Looking back, capability-based operating systems such as EROS and KeyKOS proposed a model that could be applicable: unforgeable, fine-grained permissions that can be granted and revoked explicitly. Plan 9 and its modern descendant 9front also offered a practical approach, with per-process namespaces that allow a process to see only the subsystems mounted for it. These designs embody least privilege more cleanly than Linux or BSD ever did. But they failed to take hold in the marketplace. Most alternative operating systems may be great control planes, but poor as a data plane. Modern workloads, GPU stacks, and ecosystems are mostly built on Linux. The reality is that capability security must be approximated within mainstream environments, not sought in exotic ones.

That leads us to a pragmatic direction. The simplest workable pattern is to treat each agent as its own user, with a narrowly scoped execution environment. Every invocation is described by a manifest: which directories are accessible, which network endpoints are reachable, which tools are available, and what resource limits apply. A tri-state policy governs each requested action: some are allowed, some are denied outright, and others trigger a request for human approval before proceeding. These policies are evaluated by the orchestrator, but the enforcement inside the VM could be driven by a manifest. The manifest is the one-time contract for a specific run: it encodes which directories are mounted, which hosts are reachable, which tools are callable, and which actions were resolved as allow, deny, or ask. Policy is abstract and reusable, while the manifest is concrete and short-lived, passed into the VM as the binding authority for that session.

The execution itself does not require a novel kernel. Disposable, sandboxed virtual machines built on ordinary Linux distributions are enough. An orchestrator screens the plan, applies policy, and if allowed, spins up a VM with only the required mounts and network access. The agent can be routed into such environment simply via SSH, but always lands in a forced entrypoint rather than a login shell. Once the task is complete, results are collected and the VM could even be destroyed, or reused only if it boots from an immutable snapshot with a matching policy and all mutable state lives on a disposable layer. Nothing needs to persist, and the scope of access can be strictly limited to what was approved.

This design echoes the Transaction Authorization Policies used in financial custody systems, where each transaction is evaluated against ordered rules that may allow it, deny it, or escalate it for approval. It also mirrors patterns proposed in recent research such as Progent, which defines programmable privilege controls for LLM agents, and “Sandboxed Mind”, which advocates for isolating agent execution surfaces and layering explicit approval paths.

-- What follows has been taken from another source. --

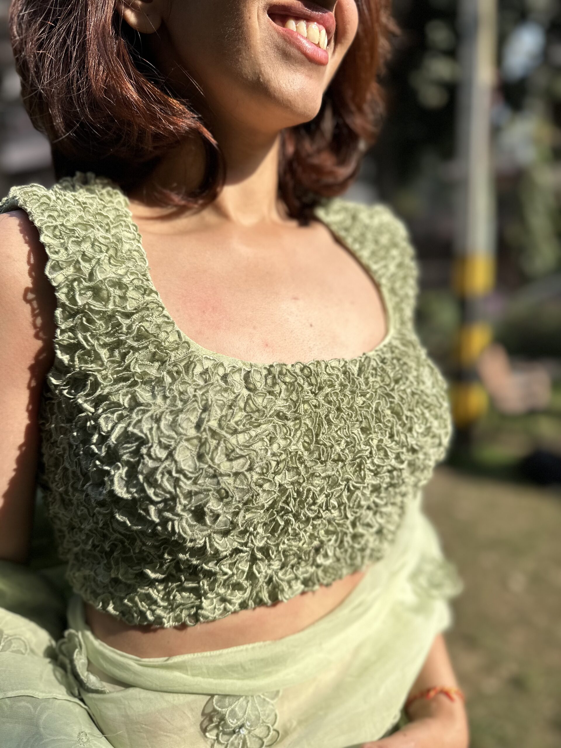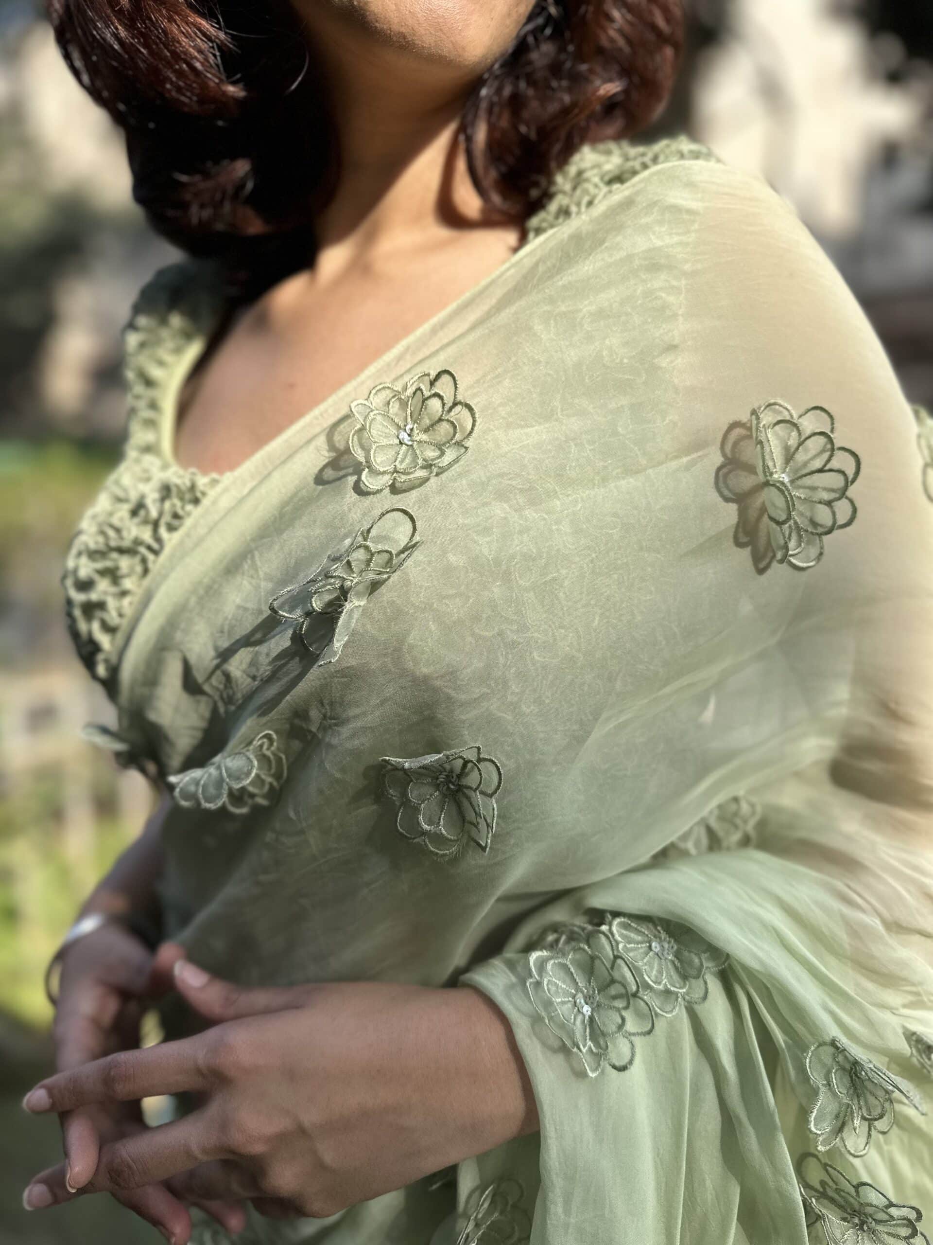 Elara is soft, modern, and intentionally minimal. This pistachio saree blends gentle embellishment with airy movementâmade for bridesmaids who value comfort, elegance, and timeless appeal.

What makes this approach practical is that nothing exotic is required. The orchestration layer can be built with QEMU or container runtimes, the policy logic with e.g. Casbin , OPA or keto , and the base image with Ubuntu or Debian slim as glibc-based distributions are a safer choice in practice for building and running LLM agent environments. We don’t need to invent a new operating environment, but suggest instead a disciplined combination of existing primitives: pre-execution policy checks, ephemeral sandboxed environments, structured manifests, and tri-state enforcement.

As recent incidents illuminate, agents amplify long-known security issues by introducing untrusted, semi-autonomous processes into sensitive contexts. Mainstream operating environments that are well understood by LLMs lack fine-grained capabilities, but the issue is addressable by borrowing ideas from capability security, applying them with modern sandboxing tools, and embedding a clear allow/ask/deny workflow. We stipulate that the boundary only holds if manifests are enforced before execution, VMs are destroyed after use, and network egress remains constrained; any deviation re-introduces ambient authority and collapses the model.